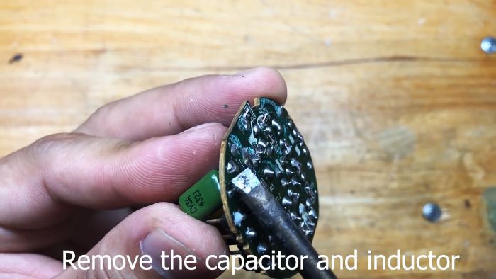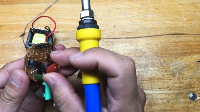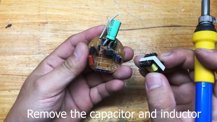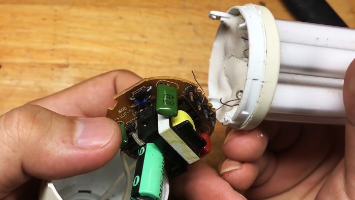 - Плата с деталями из сгоревшей энергосберегающей лампы.
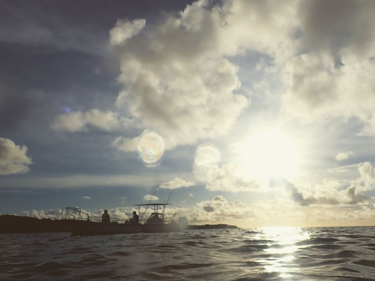 私と子どもだけシュノーケル、主人は船上に残っていましたが、船長さんと楽しくお喋りしていたようです。水平線近くに雲があり、サンセットの瞬間は見られませんでしたが、夕暮れの誰もいない雰囲気の良い海で、思う存分楽しめました。
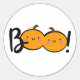 Añade un toque de cortesía a todo lo que puedas imaginar con los pegatinas de Halloween. El Pegatina Boo explica la palabra "boo" con dos calabazas naranjas sonrientes.
= = = =
__Task statement__: Copy each line of the listing exactly, skipping any picture.

__Response to the task__:
 - Плата с деталями из сгоревшей энергосберегающей лампы.
 私と子どもだけシュノーケル、主人は船上に残っていましたが、船長さんと楽しくお喋りしていたようです。水平線近くに雲があり、サンセットの瞬間は見られませんでしたが、夕暮れの誰もいない雰囲気の良い海で、思う存分楽しめました。
 Añade un toque de cortesía a todo lo que puedas imaginar con los pegatinas de Halloween. El Pegatina Boo explica la palabra "boo" con dos calabazas naranjas sonrientes.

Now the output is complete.